In 1998, Roddy was invited back to the RSC to join a group of Irish actors in a full season at the company’s home in Stratford-upon-Avon. They appeared in John Crowley’s Shadows, a thrilling collective staging of three plays by JM Synge and WB Yeats in the studio space of the Other Place. Roddy was also cast as the Provost in Michael Boyd’s highly praised Measure for Measure in the RSC’s main house.
The Abbey Theatre’s artistic director Patrick Mason cast him in his landmark production of Frank McGuinness’s first world war play Observe the Sons of Ulster Marching Towards the Somme. At the same theatre he appeared in the world premiere of Gary Mitchell’s scorching play about Belfast loyalists, In a Little World of Our Own. Directed by Conall Morrison, Roddy won the ESB/Irish Times Award for best supporting actor.
A few years later, he went on to appear in another of Mitchell’s works – this time on television – in the powerful screen adaptation of As the Beast Sleeps. The Abbey also cast him in Basque director Calixto Beito’s highly controversial production of Barbaric Comedies, which took Dublin and the Edinburgh Festival by storm.
Some of his finest – and favourite – work has been for another Belfast independent, Prime Cut Productions. He played the hostage Gerardo Escobar in the Irish premiere of Death and the Maiden, and the depressive farmer who strips himself physically and psychologically naked in Athol Fugard’s A Place With the Pigs. His most recent Prime Cut was in David Mamet’s American Buffalo at the Lyric Theatre and on tour.

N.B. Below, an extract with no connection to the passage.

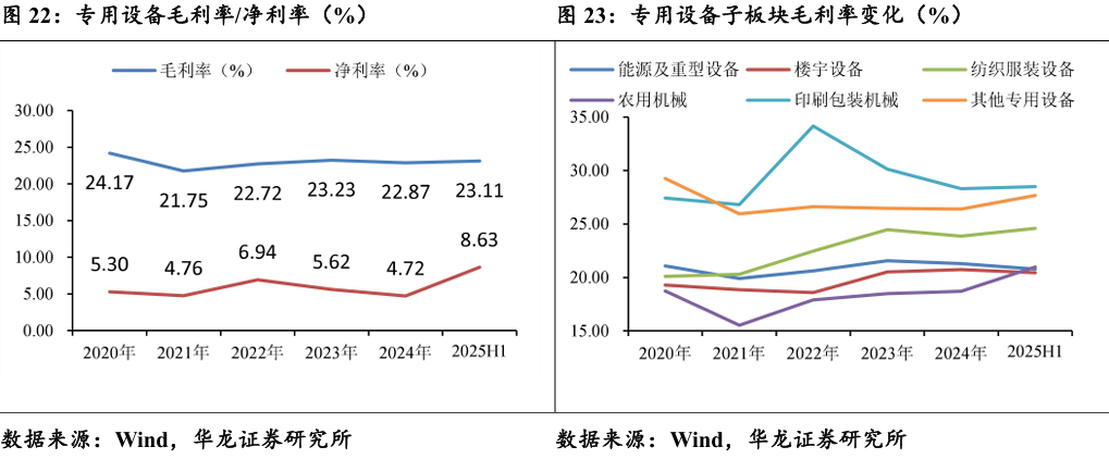 专用设备净利率提升明显,细分板块盈利能力有所分化。2025年上半 年专用设备毛利率为23.11%,同比-0.28pct;净利率为8.63%,同比+1.25pct, 提升明显。子板块中,农用机械毛利率20.98%,同比+1.59pct;其他专用 设备毛利率27.66%,同比+1.01pct;其余板块毛利率均出现同比下滑,其 中印刷包装设备为28.49%,同比-1.67pct,下降较多。

During the past few years, Roddy has hit a purple patch back home in Belfast. He made an outstanding contribution to Tinderbox’s award winning suite of plays, Convictions, staged at the Crumlin Road Courthouse during the 2000 Belfast Festival.
A recent run of successes at the Lyric Theatre began with a nomination in the best actor category of the 2004 ESB/Irish Times Theatre Awards for his outstanding performance in Fiona Buffini’s production of The Weir. He returned there in June 2004 to play the central role of Belfast Celtic’s legendary manager Lish Scott in Paradise, a new play by Padraig Coyle, Conor Grimes and Alan McKee. And in the autumn, he turned in another coruscating performance as the crazed priest Peter Keegan in John Bull’s Other Island.
In between this flurry of stage activity, Roddy also managed to fit in a couple of film roles, although he still maintains that his first commitment is to the theatre. If this means that audiences in Northern Ireland can continue to enjoy at first hand the work of this intelligent, versatile actor, nobody will be complaining.
There is, however, a sneaking suspicion that his break onto the big screen cannot be far away. When that happens, there will be few who will begrudge Lalor Roddy such richly deserved success.